▶ [Exercise instructions]
Would you repeat the listing exactly, without any of its images?

▶ [Information provided]
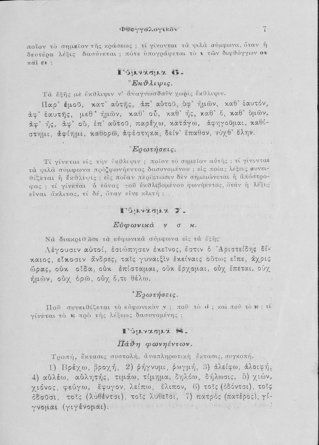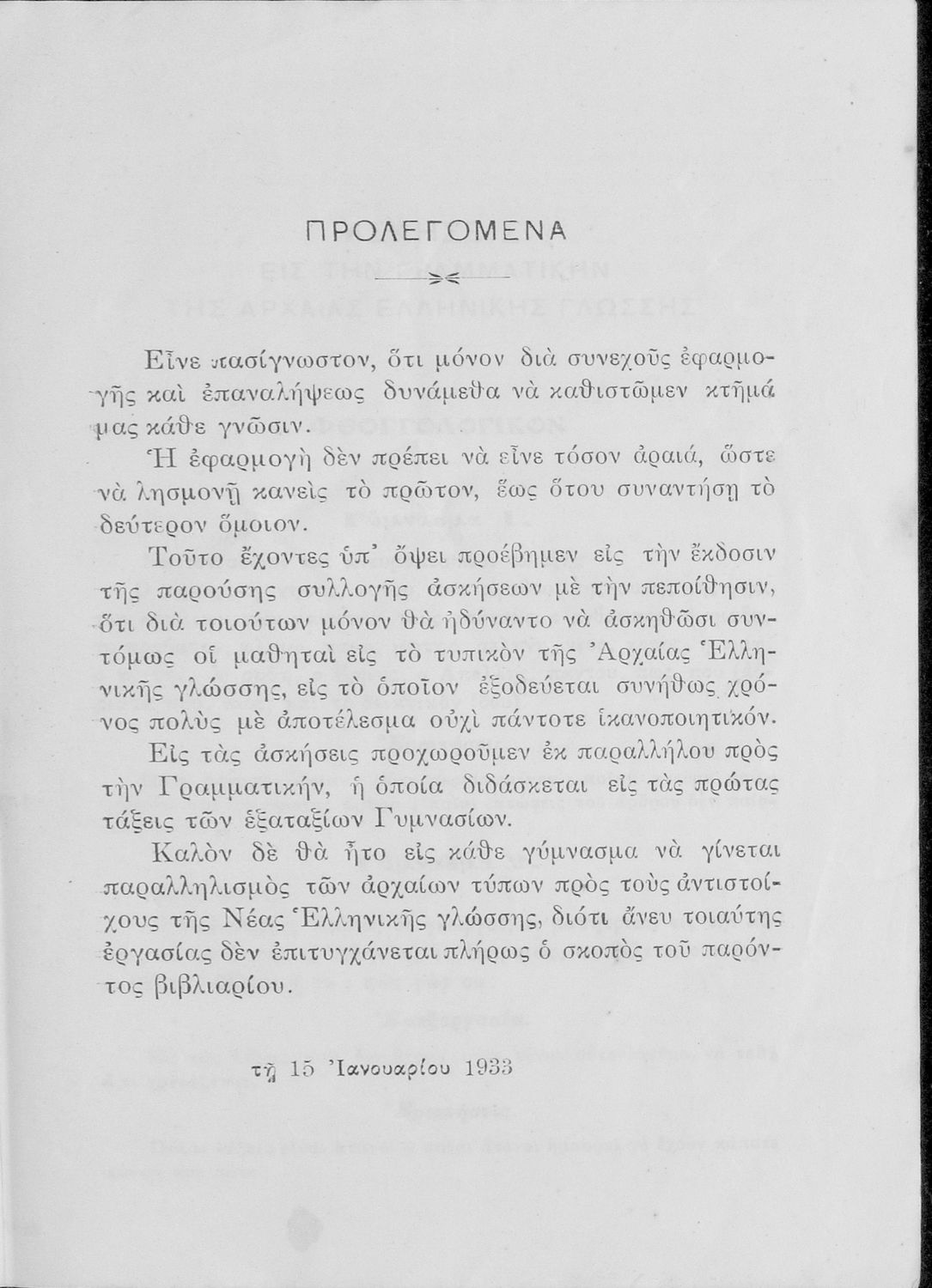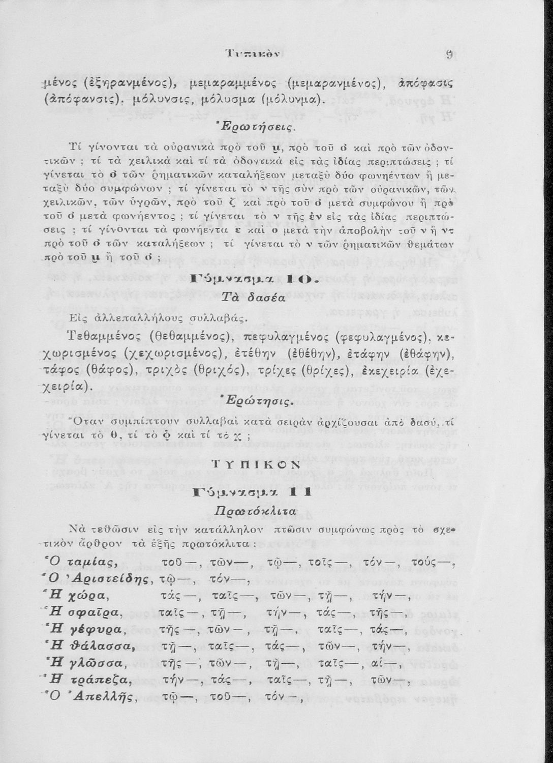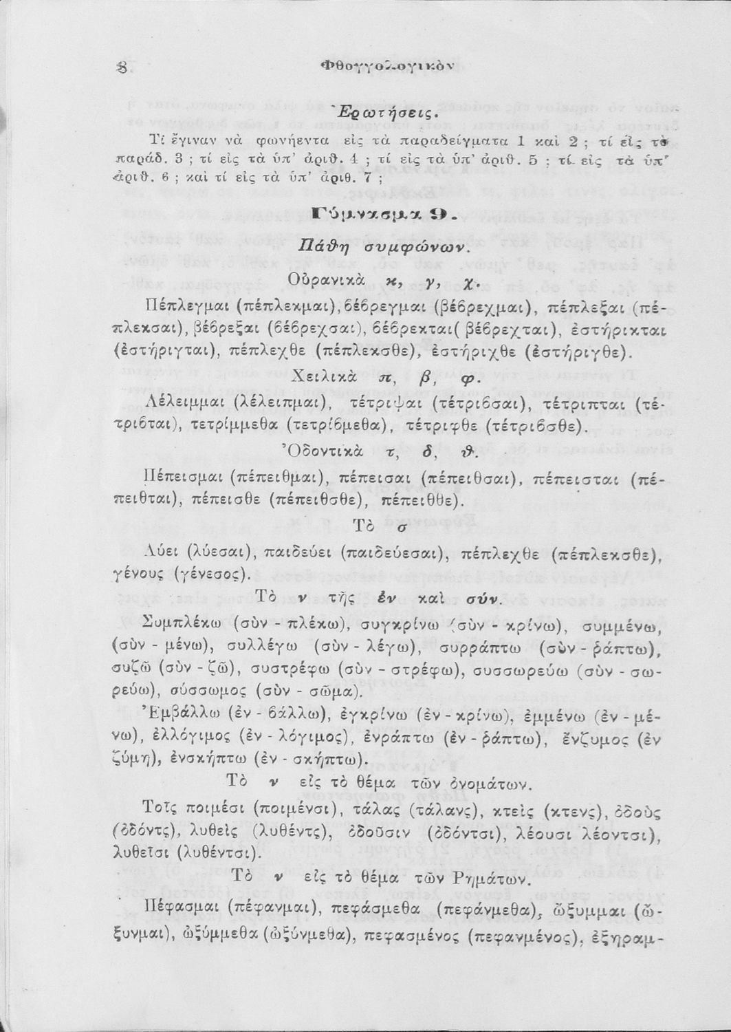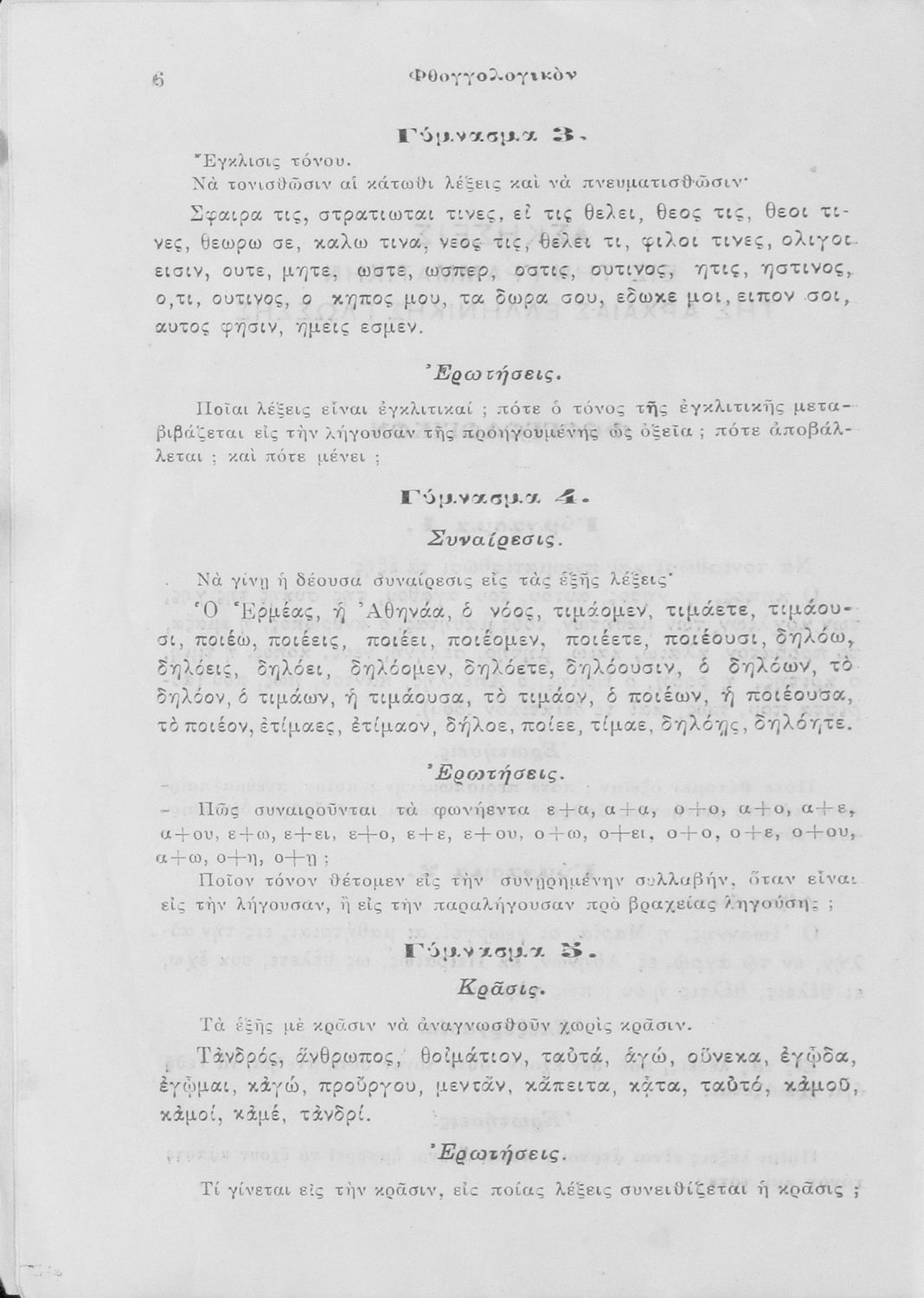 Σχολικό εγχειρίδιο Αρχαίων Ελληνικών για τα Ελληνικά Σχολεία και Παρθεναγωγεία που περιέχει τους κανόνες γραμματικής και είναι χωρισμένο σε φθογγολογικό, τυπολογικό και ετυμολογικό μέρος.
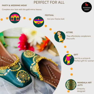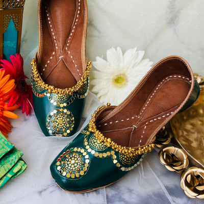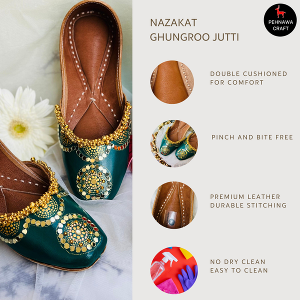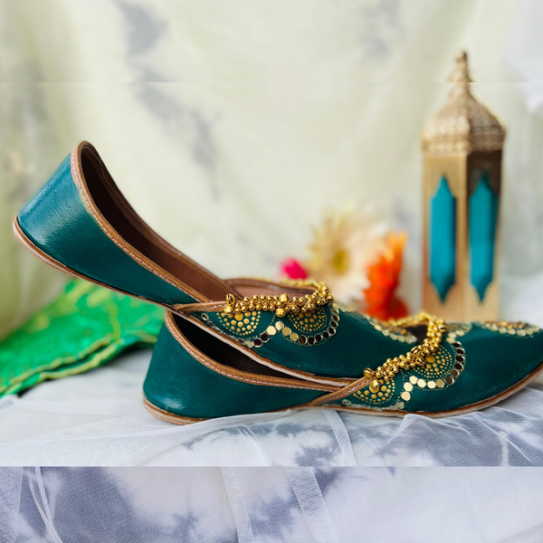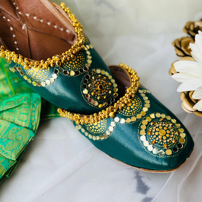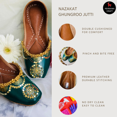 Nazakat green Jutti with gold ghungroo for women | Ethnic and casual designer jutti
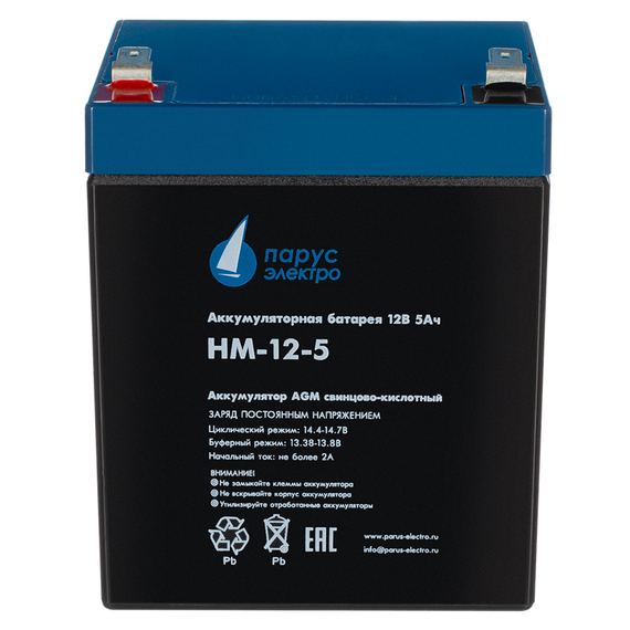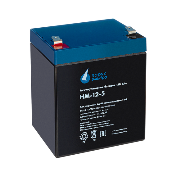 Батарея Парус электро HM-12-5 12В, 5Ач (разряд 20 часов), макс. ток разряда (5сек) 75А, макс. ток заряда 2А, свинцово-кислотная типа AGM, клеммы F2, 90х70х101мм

▶ [Answer box]
 Σχολικό εγχειρίδιο Αρχαίων Ελληνικών για τα Ελληνικά Σχολεία και Παρθεναγωγεία που περιέχει τους κανόνες γραμματικής και είναι χωρισμένο σε φθογγολογικό, τυπολογικό και ετυμολογικό μέρος.
 Nazakat green Jutti with gold ghungroo for women | Ethnic and casual designer jutti
 Батарея Парус электро HM-12-5 12В, 5Ач (разряд 20 часов), макс. ток разряда (5сек) 75А, макс. ток заряда 2А, свинцово-кислотная типа AGM, клеммы F2, 90х70х101мм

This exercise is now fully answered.